ASSIGNMENT: All of the listing should be output exactly, apart from the pictures.

DATA BLOCK:
○ ○ ○ ○ ○

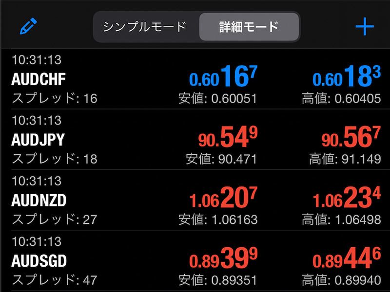 ポジションの変更や決済、注文の変更や取消は、基本的にこの画面から行います。
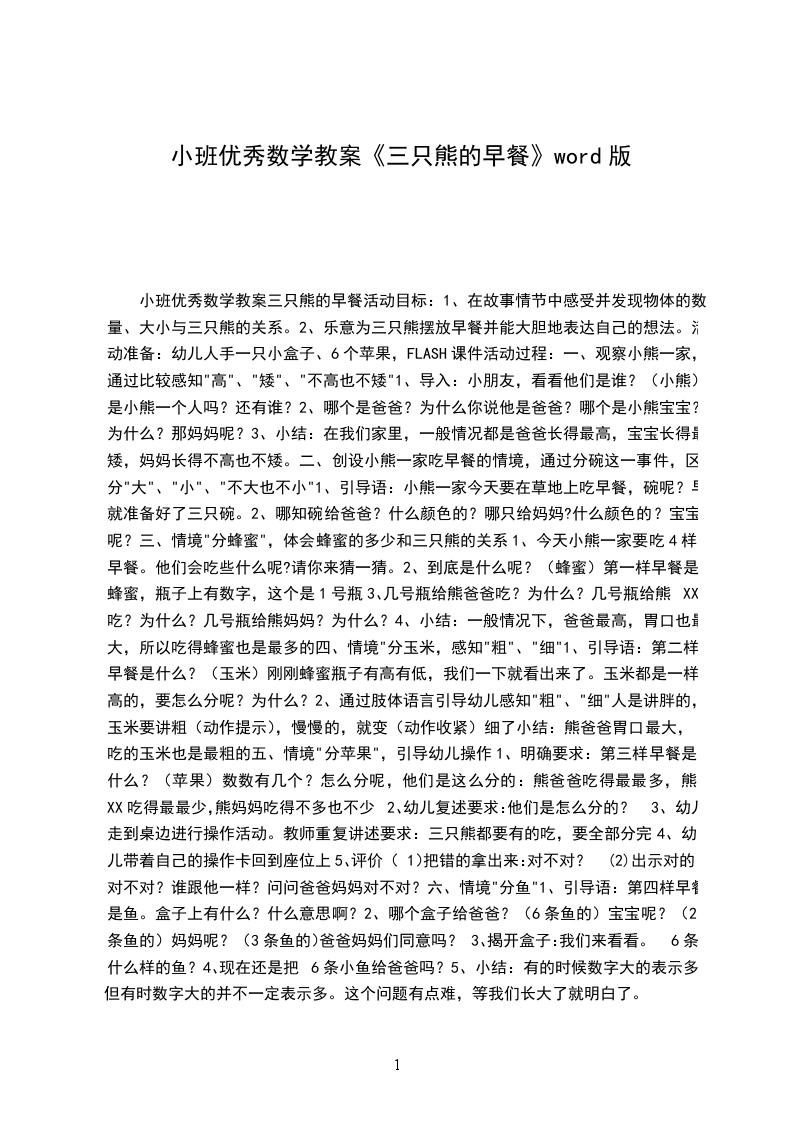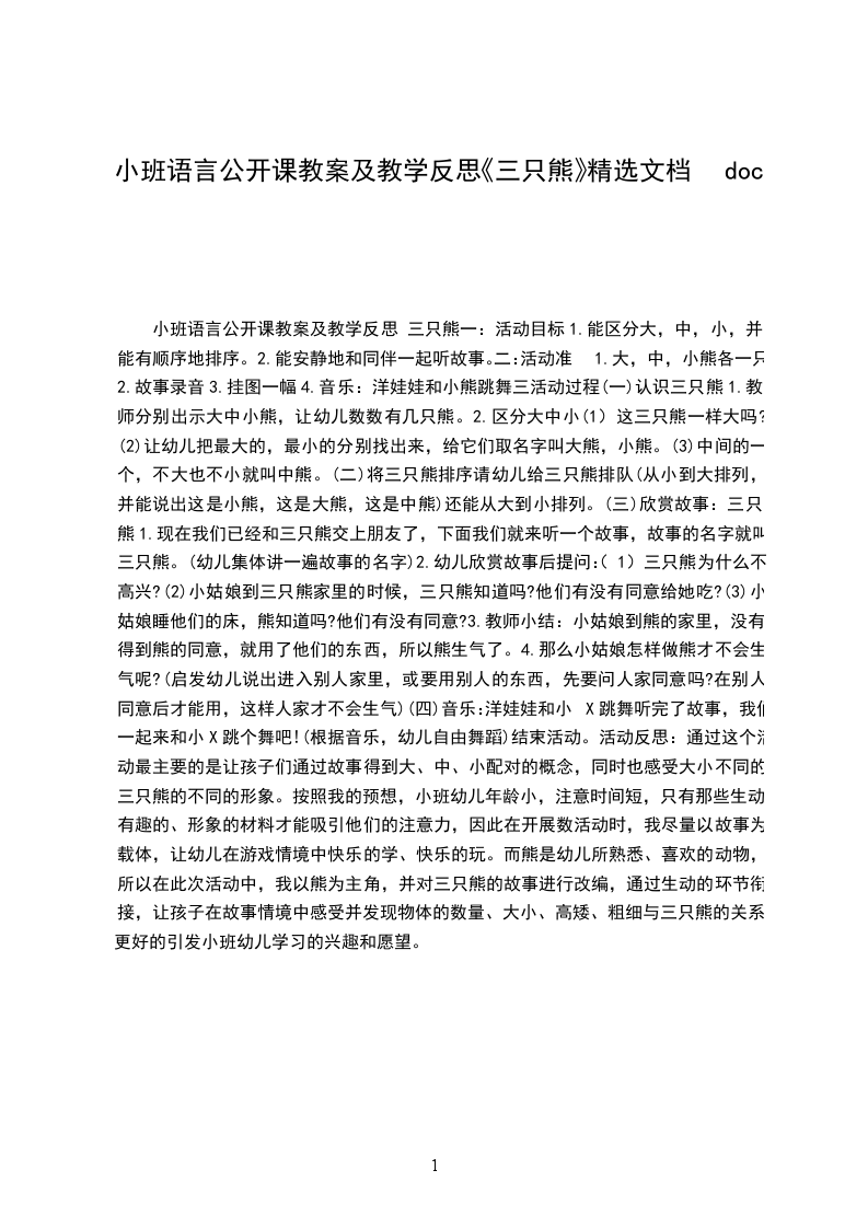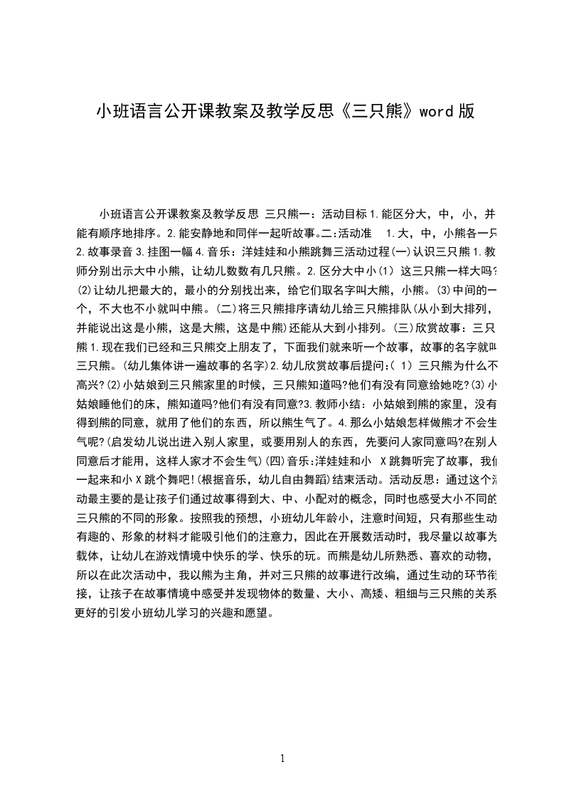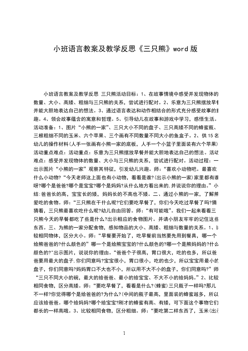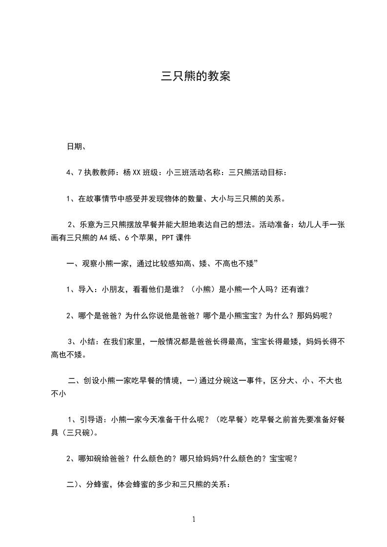 一、 引发兴趣1.出示三只熊的图片,介绍熊的一家。2.出示三只碗的的图片提问:你猜猜看这三只碗是谁用的?3.出示三把椅子的图片,请幼儿说说这三把椅子分别是谁坐。
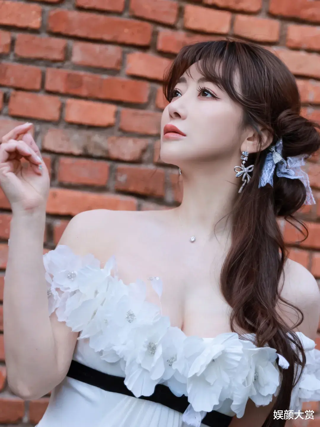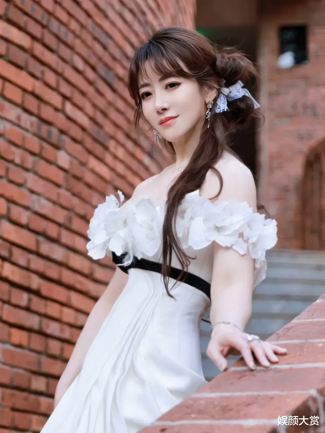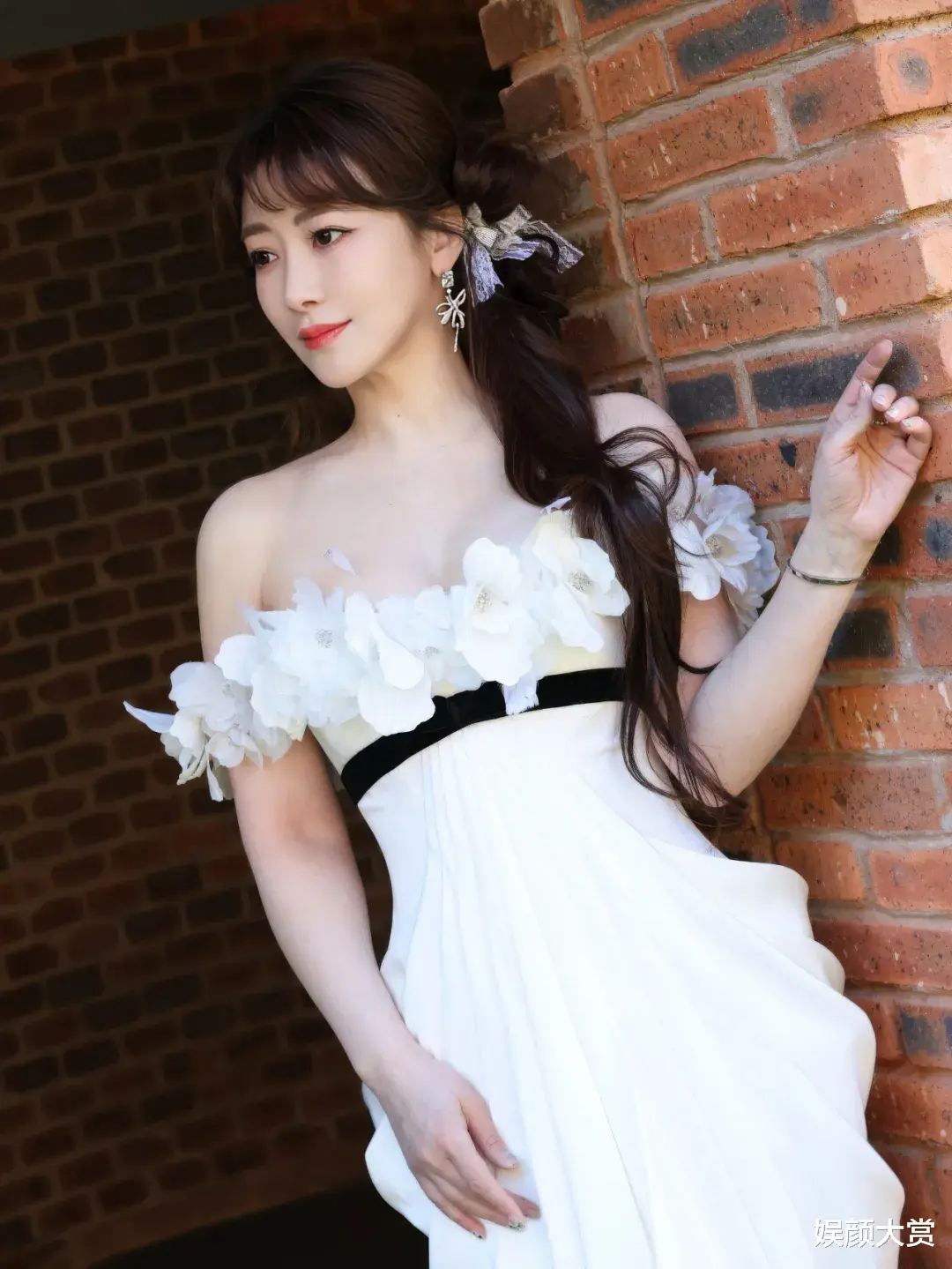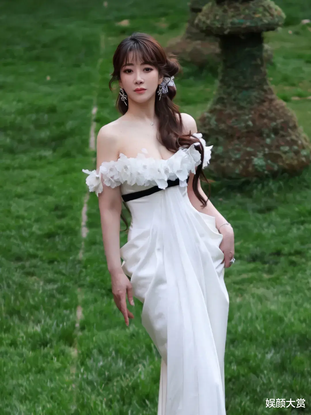 陈紫函此次身穿了一件白色露肩设计的长连衣裙,不仅展现出陈紫函优美的颈项曲线,更将注意力自然引导至她那精致妆饰下的迷人面庞上。

○ ○ ○ ○ ○

RESPONSE AREA:
 ポジションの変更や決済、注文の変更や取消は、基本的にこの画面から行います。
 一、 引发兴趣1.出示三只熊的图片,介绍熊的一家。2.出示三只碗的的图片提问:你猜猜看这三只碗是谁用的?3.出示三把椅子的图片,请幼儿说说这三把椅子分别是谁坐。
 陈紫函此次身穿了一件白色露肩设计的长连衣裙,不仅展现出陈紫函优美的颈项曲线,更将注意力自然引导至她那精致妆饰下的迷人面庞上。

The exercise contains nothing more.